Drops fell on her face.

The woman faded.

Marley wiped at her cheeks, wiped away tears shed by the other.

“Pearl Brite,” Gray said beside her.

Stunned, she shook her head. “You saw her, too,” Marley whispered, trying to turn toward him. “How?”

“I don’t know, but I did. And I’ve seen her pictures. Nat showed me.” He lifted the blankets and climbed into the bed beside Marley, took her in his arms and held her tightly. “Do we need help from someone with greater…with more of whatever we need to deal with this?”

She sighed and pressed her face against his neck. “Each of us—those of us with parapsychological gifts, must carry our own burdens. That’s a law we live by. I was given a task
to perform and I must do it. There are people in my family who are stronger than I am, but this isn’t their task to deal with and in trying to protect me, they could do something I couldn’t bear. They could seal off any chance I have to get to the ones who need me.”

“You mean you must try to save Liza and Amber, and now Pearl, on your own?”

“Yes.”

“But I’ve heard and seen things, Marley. Just as you said, I have powers, too, and they’re getting stronger.
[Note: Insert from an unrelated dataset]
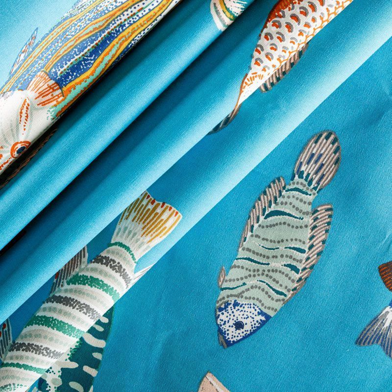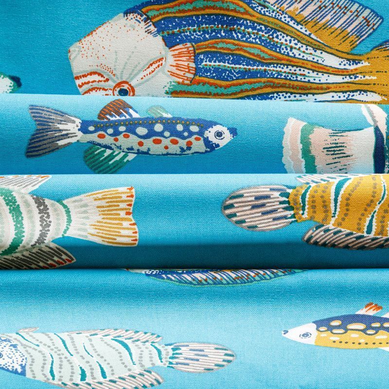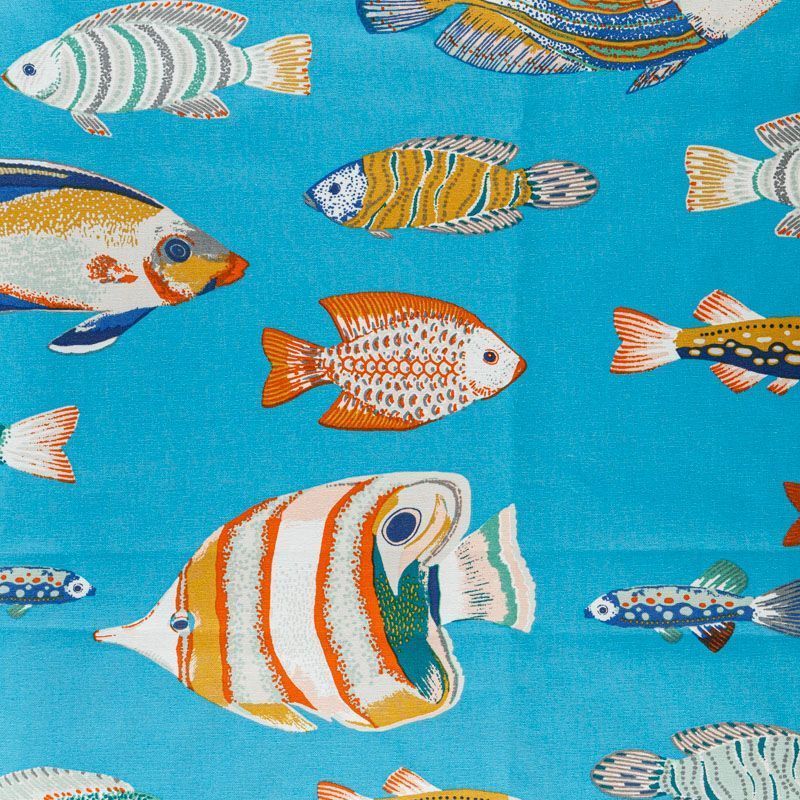 Матовая фактурная портьерная ткань лазурно-голубого оттенка с цветными яркими тропическими рыбками. Ткань средней плотности, без блеска, хорошо драпируется, имеет полонтяное переплетение. Прекрасно впишется в самые разные стилевые направления (прованс, кантри). Можно использовать для пошива портьер, римской шторы, салфеток, столового белья, подушек, покрывал и других предметов текстильного интерьера.

There were voices that came out of a whispering mass that told me I must protect you. They said I must be prepared to fight for you. And I am. I’ll do anything to keep you safe.”
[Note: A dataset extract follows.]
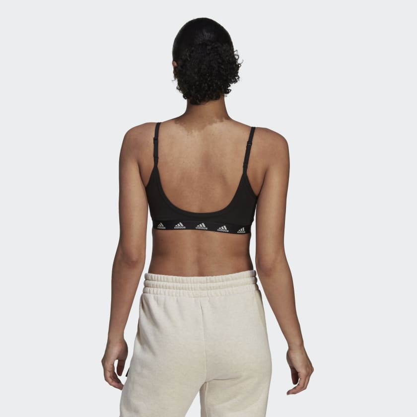 Like going braless, but better. This adidas bra is a comfy essential you'll want to live in 24/7. With no pads and no wires, the simple design is pure comfort. It's made of soft-touch fabric, with moisture-absorbing AEROREADY. Adjust the thin straps to fine-tune the fit.

She heard the slow, hard beat of her heart. “The Bonding,” she said. “I had forgotten all its parts.”

“Explain.”

“We are bonded, you and I. By a physical, sexual dynamic that was preordained. You have felt the pain and the strangeness and so have I. We will never touch without total awareness of each other. There is more, but I’m too tired now. Because we have a Bonding, we are responsible for each other. The Ushers must have sensed what has occurred between us.”

“Ushers—”

“The voices you heard. They are my guides. To a degree, my protectors, although they tend to panic when they worry about me.”
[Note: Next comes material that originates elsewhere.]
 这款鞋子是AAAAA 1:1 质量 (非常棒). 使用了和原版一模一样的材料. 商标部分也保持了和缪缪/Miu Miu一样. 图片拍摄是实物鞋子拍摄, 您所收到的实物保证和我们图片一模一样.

“I know how they feel,” Gray said. “Tell me more about this Bonding.”

The thought intimidated her. “In time, Gray. I have an unusual heritage, more unusual than you’ve guessed.”

“I doubt it, sweet cakes.”

“Sweet cakes?” The words exploded from her. “I’ve never been called—”

“Well, you have now. And I never called anyone that
before, so you’re special.” He sounded smug. “What the hell do we do next? I’d better bring Nat up to speed.”

“He can’t help,” Marley said. “It will be up to me.”

“Who is the other one?” Gray asked. “The man on his own?”

She let her eyes close. “What man?”

“The one I saw. Tall with long hair that’s turning gray. His face is young.”

Marley held her breath. “Where?”

“In your workroom. Then at Myrtle Wood. He said he was your mentor.”

“Mentor?”

“I think…I think he’s a ghost.”

He held her tighter. Her eyes were wide-open now and she stared at his dark shape. “Are you sure?”

“How would I know? I never saw a ghost—”

“No. Are you sure he said he was the Mentor?”

For an instant he was quiet, then he said, “Yes, that’s it. The Mentor. He told me…he warned me to be watchful for you.”

Gray had seen the Mentor, talked to the Mentor. There couldn’t be any doubt of his existence—it was all true. And Gray was Bonded to her.

“Are you okay?” he said.

“I will be. I’ll know when it’s time to go for Pearl. The Ushers will agitate.” She looked at the gleam of his eyes and wrestled with the notion that he could well develop a mirror image of her skills. How would he deal with that? Or not deal with it? “I need to eat first.”

Gray leaped from the bed and said, “I hope to hell there’s chocolate in this place.”